Именно тогда, возвращаясь из Линца, Борман впервые отдал себе отчет в
том, что произошло. И впервые ему надо было самому принять решение, не
дожидаясь указания фюрера. И вот именно тогда в его голове начал трудно и
боязливо ворочаться с в о й план спасения. Поначалу он страшился
признаться себе в том, что этот план окончательно созрел в нем; он гнал
мысль прочь, он умел это. Однако, когда маршал Жуков начал готовить
наступление на Берлин, когда Розенберг прочитал ему подборку передовиц
"Правды" и "Красной звезды", Борман понял: время колебаний кончено,
настала пора активного действия.
(В чем-то помог Геббельс, с которым он сейчас вошел в тесный блок,
окончательно оттерев, таким образом, Геринга, Гиммлера, Риббентропа и
Розенберга.
Именно Геббельс в апреле пришел к Борману с переводом статьи,
опубликованной в "Красной звезде" начальником управления агитации и
пропаганды ЦК ВКП(б) Александровым. Статья называлась "Товарищ Эренбург
упрощает".
- Русские предлагают немцам тур вальса, - сказал Геббельс ликующе.

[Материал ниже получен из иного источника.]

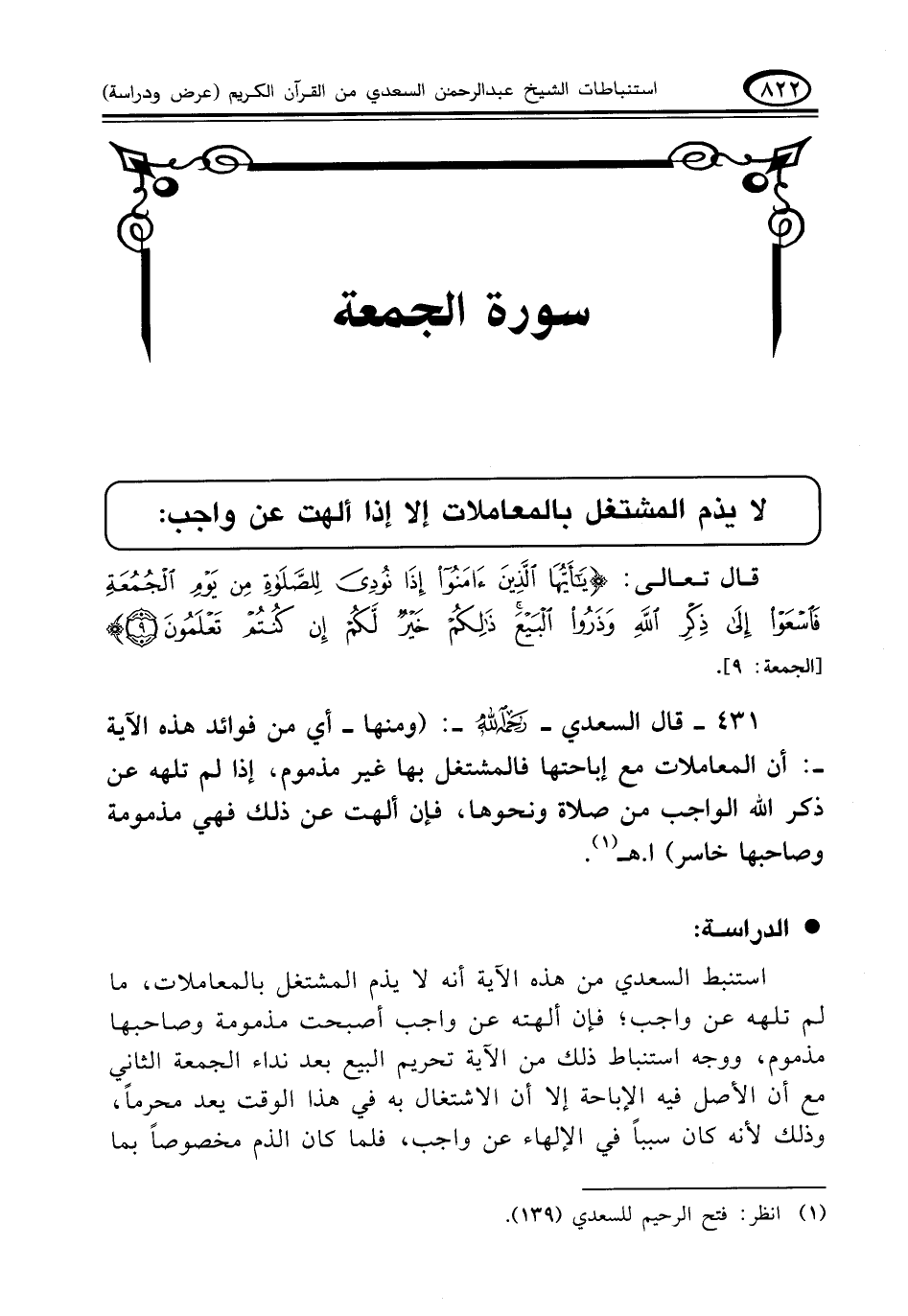 ٤٣١ - قال السعدي - رحمه الله -: (ومنها-أي من فوائد هذه الآية-: أن المعاملات مع إباحتها فالمشتغل بها غير مذموم, إذا لم تلهه عن ذكر الله الواجب من صلاة ونحوها , فإن ألهت عن ذلك فهي مذمومة وصاحبها خاسر). ا. هـ (¬١)

Борман внимательно прочитал статью, в которой говорилось про то, что
существуют разные немцы, не только враги; пора уже сейчас думать о том,
какие отношения между двумя нациями будут после неминуемой победы.
Геббельс продолжал говорить о наивности Сталина, о том, что немцы
всегда останутся врагами диких азиатов, а Борман даже похолодел от шальной
мысли: "А вдруг Москва действительно протягивает руку ему, Борману? Почему
не навязать этой статье именно такой смысл?"
Борман уже к концу марта построил план спасения, базируясь в своих
отправных посылках именно на такого рода допуске.)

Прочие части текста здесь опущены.